Work to complete |
Return the data below unchanged, without images.

Data segment |
- - -

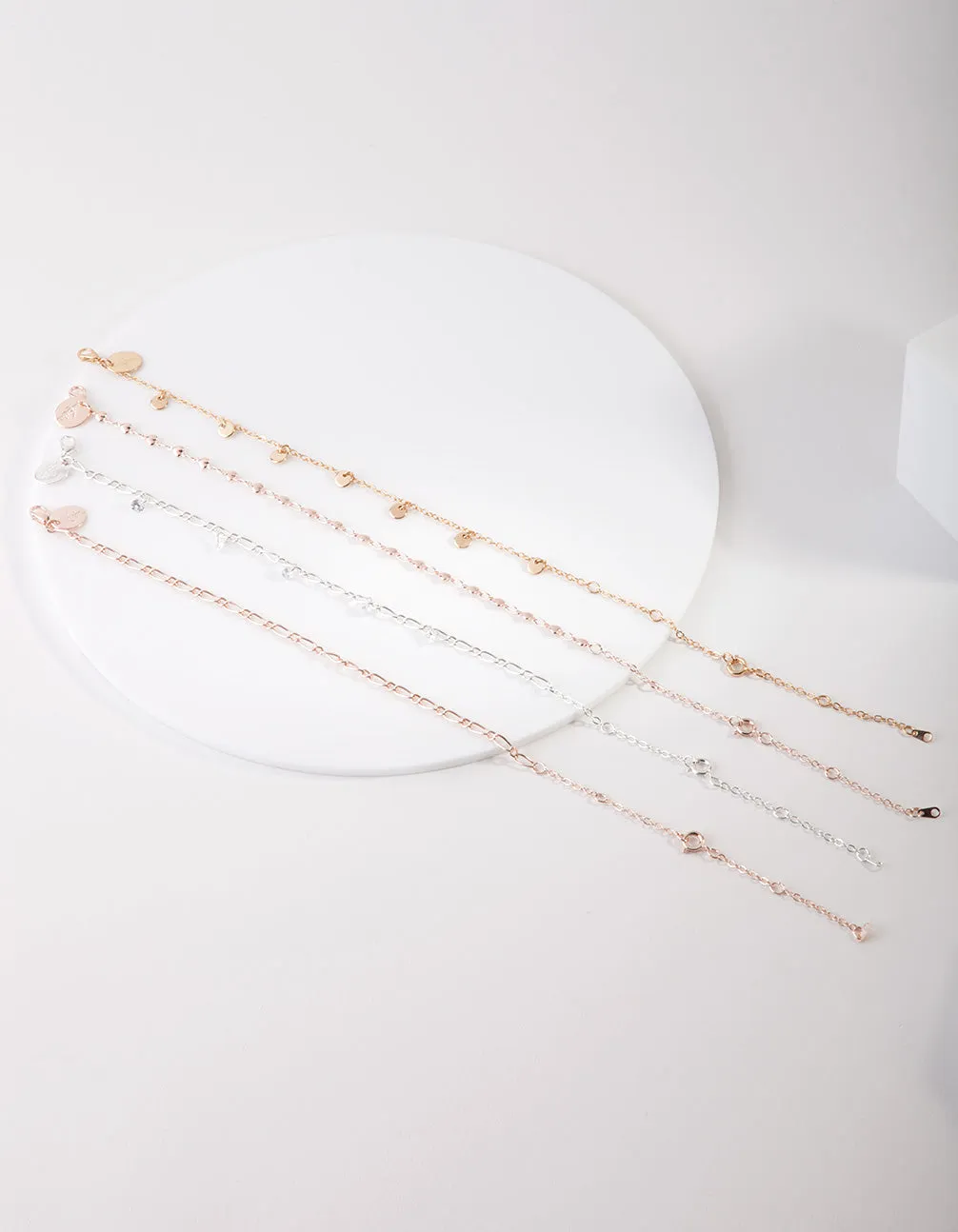 Add some extra style to your look with anklets and bracelets. This pack comes with mixed metal anklets/bracelets embellished with cubic zirconia stones.
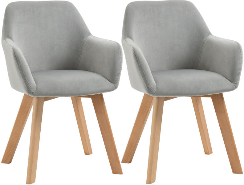 HomCom 2 db-os szék szett fa lábakkal, szürke
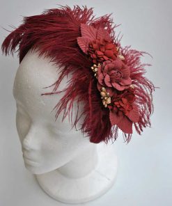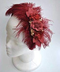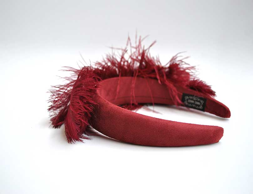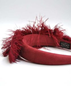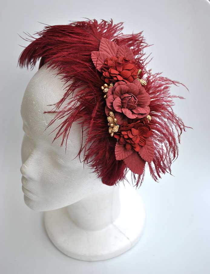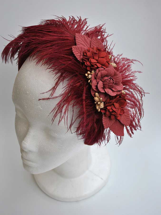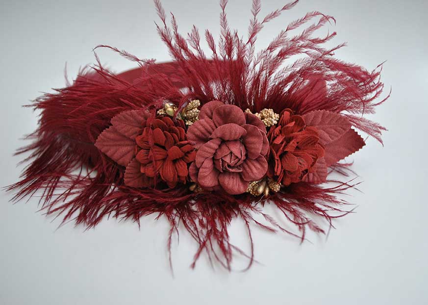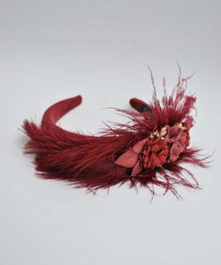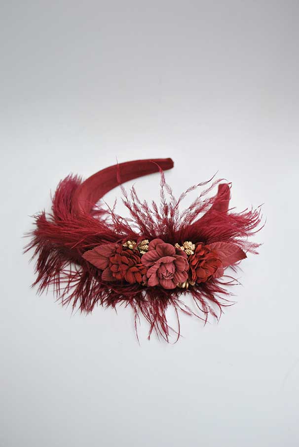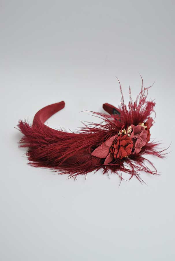 RHD03 – Bonita diadema tocado en color burdeos. Se trata de una diadema forrada de antelina en color burdeos y decorada con elegantes flores y vaporosas plumas del mismo tono.
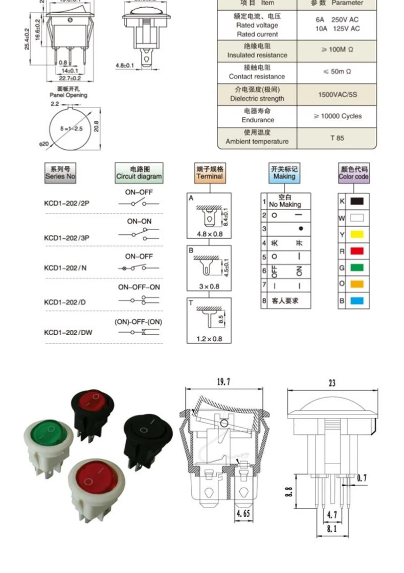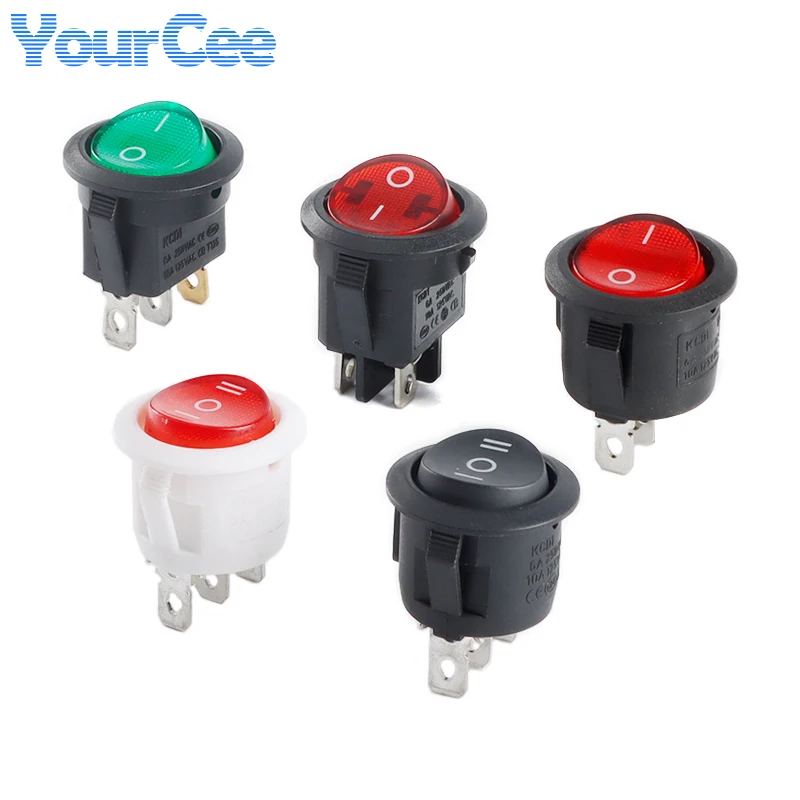 5 uds KCD1 interruptor basculante ovalado 3/2Pin 10A interruptor de alimentación 6A 250V 10A 125V ON-OFF-ON interruptor en forma de barco elíptico rojo 4P redondo 20A

- - -

Solution to the problem |
 Add some extra style to your look with anklets and bracelets. This pack comes with mixed metal anklets/bracelets embellished with cubic zirconia stones.
 HomCom 2 db-os szék szett fa lábakkal, szürke
 RHD03 – Bonita diadema tocado en color burdeos. Se trata de una diadema forrada de antelina en color burdeos y decorada con elegantes flores y vaporosas plumas del mismo tono.
 5 uds KCD1 interruptor basculante ovalado 3/2Pin 10A interruptor de alimentación 6A 250V 10A 125V ON-OFF-ON interruptor en forma de barco elíptico rojo 4P redondo 20A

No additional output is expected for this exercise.